Catherine worried randomly and confused Steven as she did so. It bothered him that she worried about things well outside her control. It seemed inefficient to worry whether a character on a television show would die in the upcoming weeks. Steven would worry in advance and have a plan for any occasion. In fact, he considered it a gift that he was so unlucky. It forced him to think, 'What could go wrong? And what could I do about it?' It always amazed Catherine that her worrywart husband was at his best when bad things happened. He would worry about having enough money to buy new tires for the car, but didn't blink an eye when the tire went flat. It eventually dawned on her that the proactive worry paid off in efficiencies during a crisis.
In another sense they were similar. When they could see the future, they both set about doing something about it. Once she saw and felt a design, she relaxed and moved on to the next project. He would worry about how to make that window fit in the wall, then come up with an installation technique that he could do at the least cost and effort. And she knew he could do that, so she didn't worry. And they both worried about the money. Their dreams, her dreams, rapidly outgrew their budget and as a result she was forced to wait and he felt disappointed that she could not see her visions quickly. He knew, in his heart, that she
could always out-design any flow of money, but he wanted to provide her with all possible joy. But that was not his source of anxiety as he knew he had done all within his power to move things along. He had a very nice paying job, and he did almost every physical act on their designs that could be done. This made pretty much every project cost half, or less than what it would cost if they had hired a contractor.

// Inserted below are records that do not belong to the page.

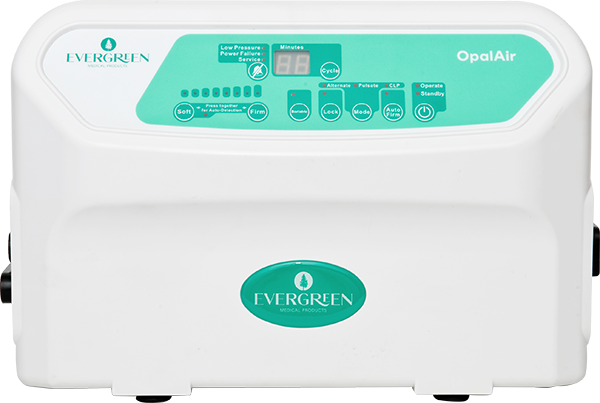 The Evergreen OpalAir is built for complex, high-risk clients who need serious skin protection and comfort. This full mattress replacement system combines alternating pressure with true low air loss therapy, delivering high airflow to help regulate temperature and humidity around the skin—key for healing and prevention. With the same easy-to-use controls as the Palm but with enhanced airflow and clinical features, the OpalAir is ready to meet the needs of clients from Stage I to Stage IV pressure injuries.
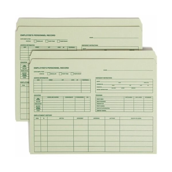 EMPLOYEE RECORD FILE FOLDER, 11-1/2X9-1/2, 20PK
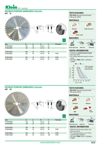 USEFUL INFORMATION • Suitable for particle board in stack • Extra fine finish • For cutting expensive wood to reduce waste • Pin holes: PH02=2/7/42 + 2/9,5/46,5 + 2/10/60 RPM suggested referred to the blade diameter
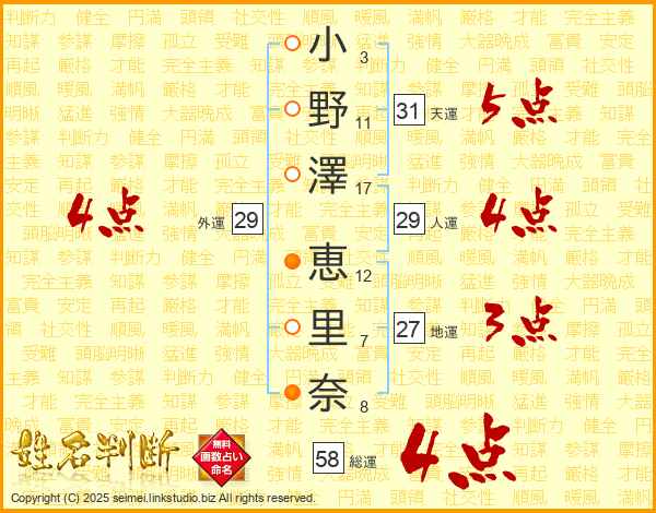 小(3画)野(11画)澤(17画) 恵(12画)里(7画)奈(8画)
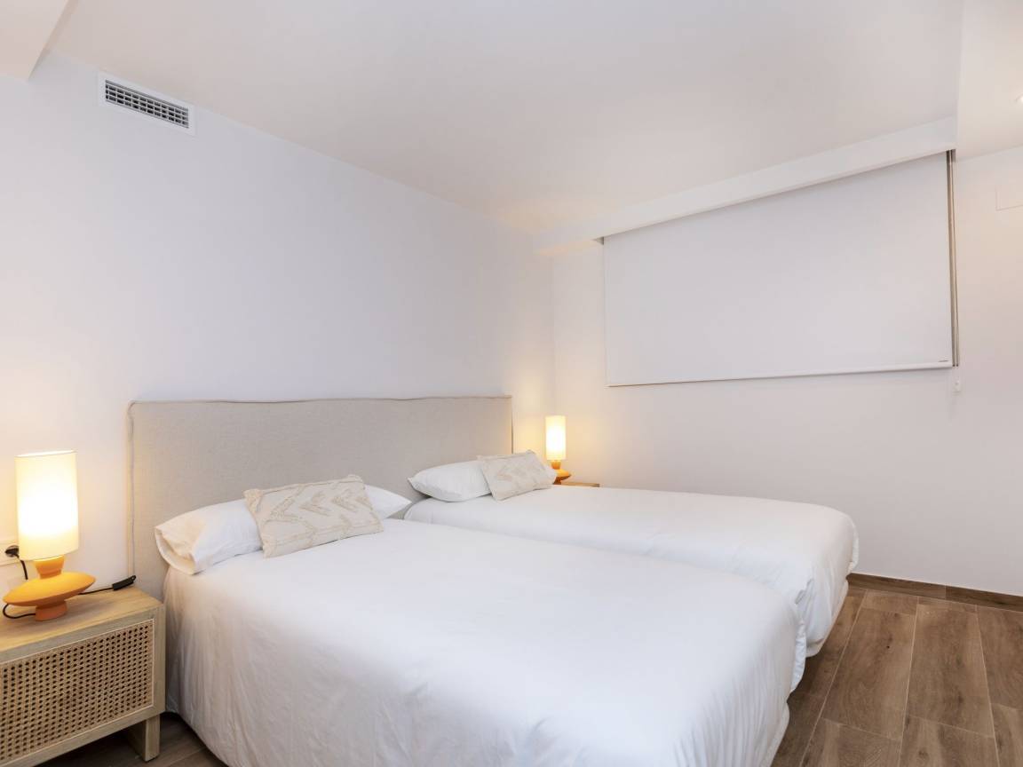 2 спальни с двумя односпальными кроватями и собственными ванными комнатами (душ/WC)

His anxiety was of a sexual nature. He had waited all these years for the kids to move out and had expected the focus of their lives would turn back to each other; once the worries of curfews and teenage activities were beyond her worry scope. But Catherine had routines for her daily activities. This allowed her to perform boring tasks without thinking about it. She could design in her head as she prepared breakfast, washed clothes or changed the bed sheets. If it was not a daily routine, it would force itself into her consciousness and she would find herself questioning the task and why she had to do it. She would feel both a responsibility to do such tasks and a resentment to be having to do it. So washing clothes impinged upon her consciousness and bothered her, but like many of these tasks, her ego was such that she believed no one, not even her well intentioned and clever husband could do them to her satisfaction. It was wise that she chose such a mindset on things like the wash because he was horrible at things like that. He didn't know much about fabrics and their optimum wash temperature. He had no memory for where the five different soaps, three bleaches, two fabric softeners and eighteen or nineteen different specialty spot cleaners were, leave alone when they should come into play. But he could vacuum like a champ, but she had it in her mind, from her mother of all people who had never worked outside the home, that certain jobs were 'women's work' and should not be foisted upon the husband.